• [What you will do] Restate each entry exactly, without pictures.

[Items from a dataset]
----------
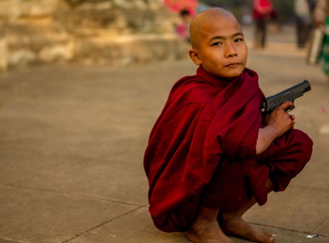 Στο ετήσιο φεστιβάλ συγκομιδής στην Bagan της Μιανμάρ βρέθηκε η Joyce Le Mesurier, όπου χιλιάδες μοναχοί απ’ ολόκληρη τη χώρα έρχονται για ελεημοσύνη. Επισκεπτόμενη τους ναούς συνάντησε ένα μικρό αγόρι – μοναχό να παίζει με ένα όπλο – παιχνίδι.
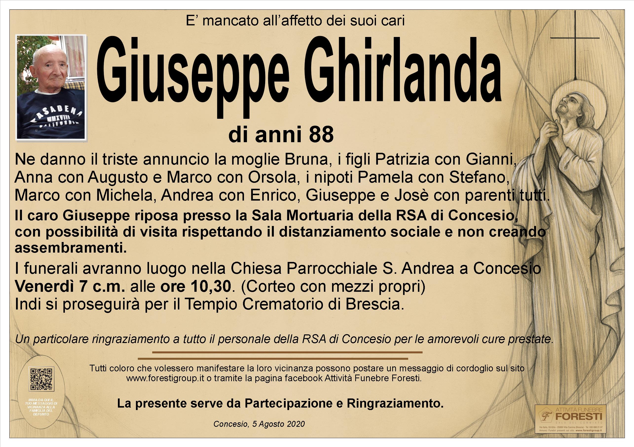 Il caro Giuseppe riposa presso la Sala Mortuaria della RSA di Concesio, con possibilità di visita rispettando il distanziamento sociale e non creando assembramenti.
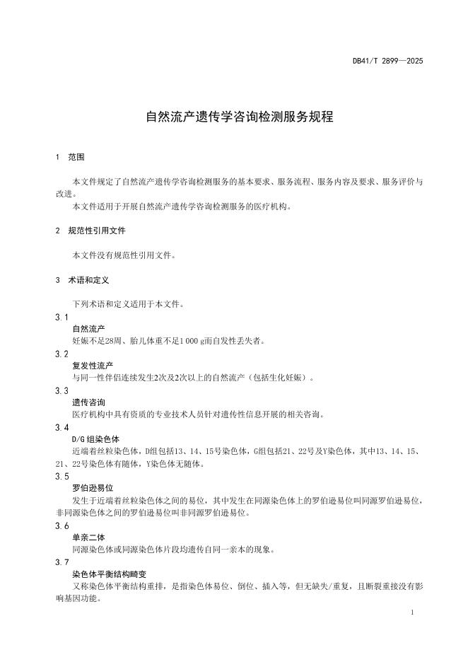 DB41/T 2899-2025 自然流产遗传学咨询检测服务规程
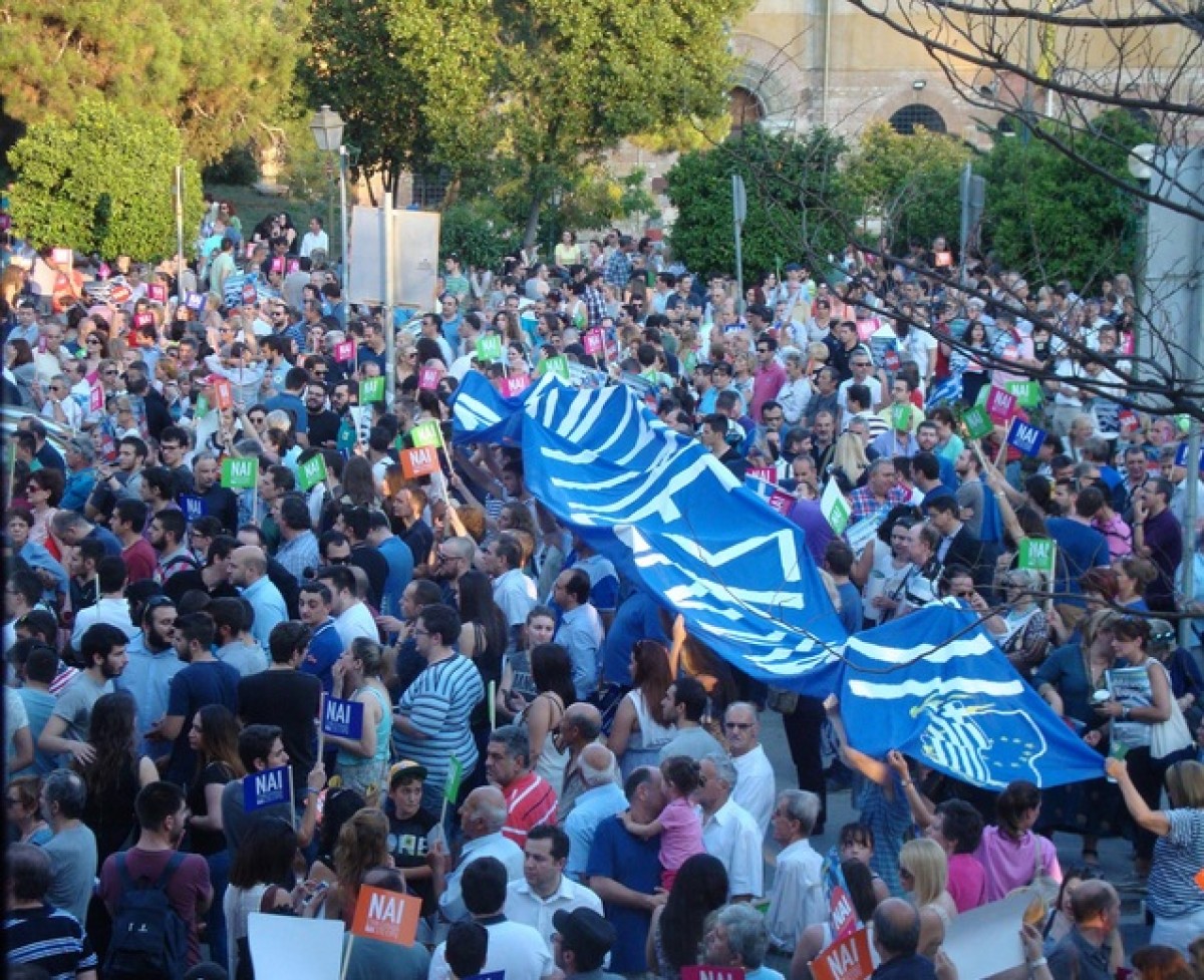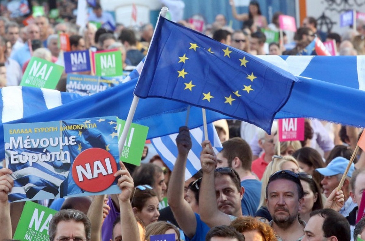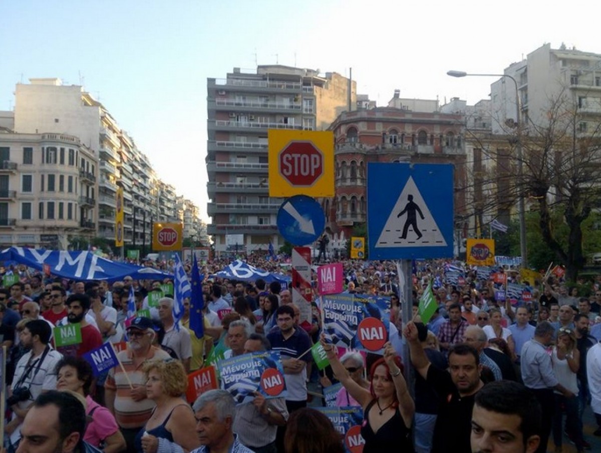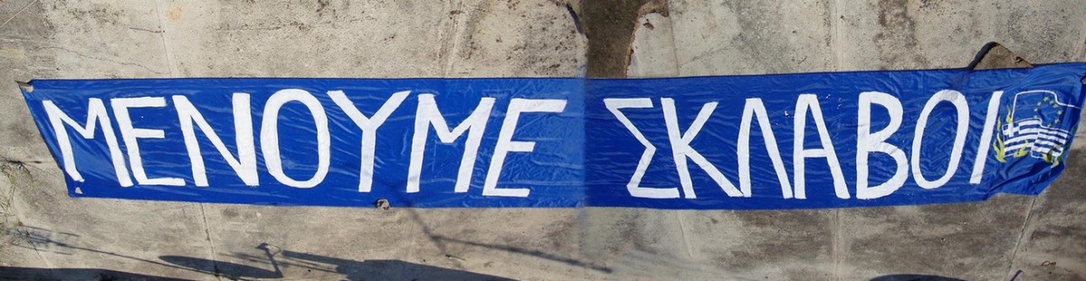Ένα απίστευτο γεγονός συνέβη την Πέμπτη 2 Ιουλίου κατά τη διαδήλωση στην πλατεία Αγίας Σοφίας στη Θεσσαλονίκη, των “Μένουμε Ευρώπη” που τάσσονται υπέρ του ΝΑΙ στο δημοψήφισμα της Κυριακής. Αναρχικοί αφού ντύθηκαν με “γιάπικη αμφίεση” παρείσφρησαν στη συγκέντρωση και προέτρεψαν τους παρευρισκόμενους να κρατήσουν ένα τεράστιο πανό από τα κεφάλια τους που έγραφε “Μένουμε Σκλάβοι”. Όπως σημειώνουν: “Η δράση αυτη ξεπέρασε κάθε προσδοκία αφού μετά την αποχώρηση μας, το πανό έμεινε αναρτημένο για πάνω από 20 λεπτά και καταχειροκτροτήθηκε με πάθος από τα φιλοευρωπαικά ζόμπι”.
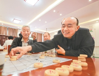 貴州省黔東南苗族侗族自治州岑鞏縣在新型城鎮(zhèn)化建設(shè)中,大力建設(shè)社區(qū)服務(wù)中心、圖書室等場(chǎng)所,完善服務(wù)功能,提升群眾幸福感。圖為社區(qū)居民在該縣大有鎮(zhèn)大坪同心社區(qū)下象棋。
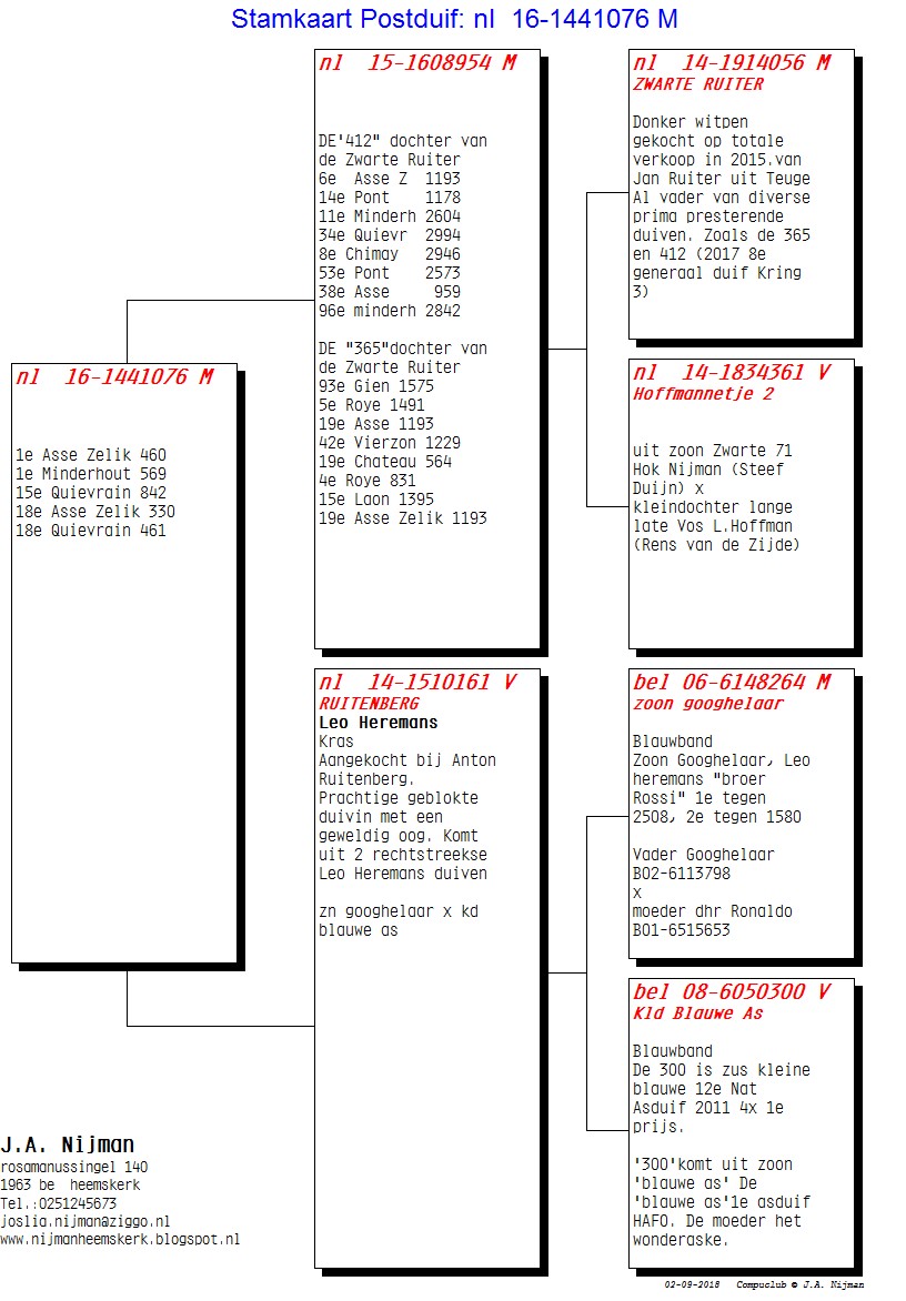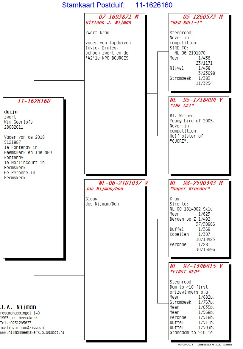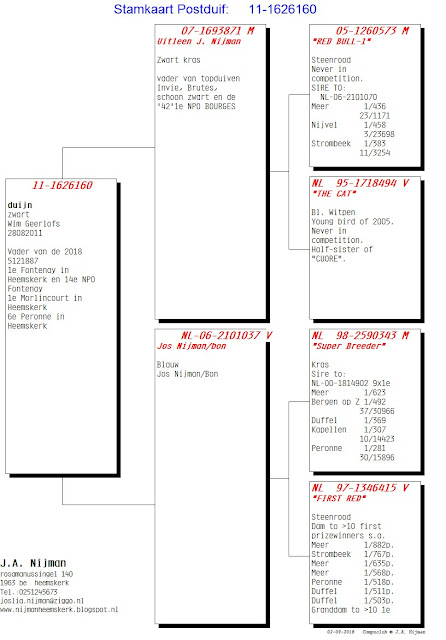 De eerste duif van mijn broer is een klzn van de Zwarte Ruiter doffer x een duivin van Anton Ruitenberg. De Zwarte Ruiterdoffer en de Kras 161 Ruitenberg zitten beiden op ons kweekhok en hebben al diverse 1e prijswinnaars op de wereld gezet. De ‘954’ wordt gespeeld door Peter maar de stamkaart is door mij opnieuw uitgedraaid.
----------
• [Output for this exercise]
 Στο ετήσιο φεστιβάλ συγκομιδής στην Bagan της Μιανμάρ βρέθηκε η Joyce Le Mesurier, όπου χιλιάδες μοναχοί απ’ ολόκληρη τη χώρα έρχονται για ελεημοσύνη. Επισκεπτόμενη τους ναούς συνάντησε ένα μικρό αγόρι – μοναχό να παίζει με ένα όπλο – παιχνίδι.
 Il caro Giuseppe riposa presso la Sala Mortuaria della RSA di Concesio, con possibilità di visita rispettando il distanziamento sociale e non creando assembramenti.
 DB41/T 2899-2025 自然流产遗传学咨询检测服务规程
Ένα απίστευτο γεγονός συνέβη την Πέμπτη 2 Ιουλίου κατά τη διαδήλωση στην πλατεία Αγίας Σοφίας στη Θεσσαλονίκη, των “Μένουμε Ευρώπη” που τάσσονται υπέρ του ΝΑΙ στο δημοψήφισμα της Κυριακής. Αναρχικοί αφού ντύθηκαν με “γιάπικη αμφίεση” παρείσφρησαν στη συγκέντρωση και προέτρεψαν τους παρευρισκόμενους να κρατήσουν ένα τεράστιο πανό από τα κεφάλια τους που έγραφε “Μένουμε Σκλάβοι”. Όπως σημειώνουν: “Η δράση αυτη ξεπέρασε κάθε προσδοκία αφού μετά την αποχώρηση μας, το πανό έμεινε αναρτημένο για πάνω από 20 λεπτά και καταχειροκτροτήθηκε με πάθος από τα φιλοευρωπαικά ζόμπι”.
 貴州省黔東南苗族侗族自治州岑鞏縣在新型城鎮(zhèn)化建設(shè)中,大力建設(shè)社區(qū)服務(wù)中心、圖書室等場(chǎng)所,完善服務(wù)功能,提升群眾幸福感。圖為社區(qū)居民在該縣大有鎮(zhèn)大坪同心社區(qū)下象棋。
 De eerste duif van mijn broer is een klzn van de Zwarte Ruiter doffer x een duivin van Anton Ruitenberg. De Zwarte Ruiterdoffer en de Kras 161 Ruitenberg zitten beiden op ons kweekhok en hebben al diverse 1e prijswinnaars op de wereld gezet. De ‘954’ wordt gespeeld door Peter maar de stamkaart is door mij opnieuw uitgedraaid.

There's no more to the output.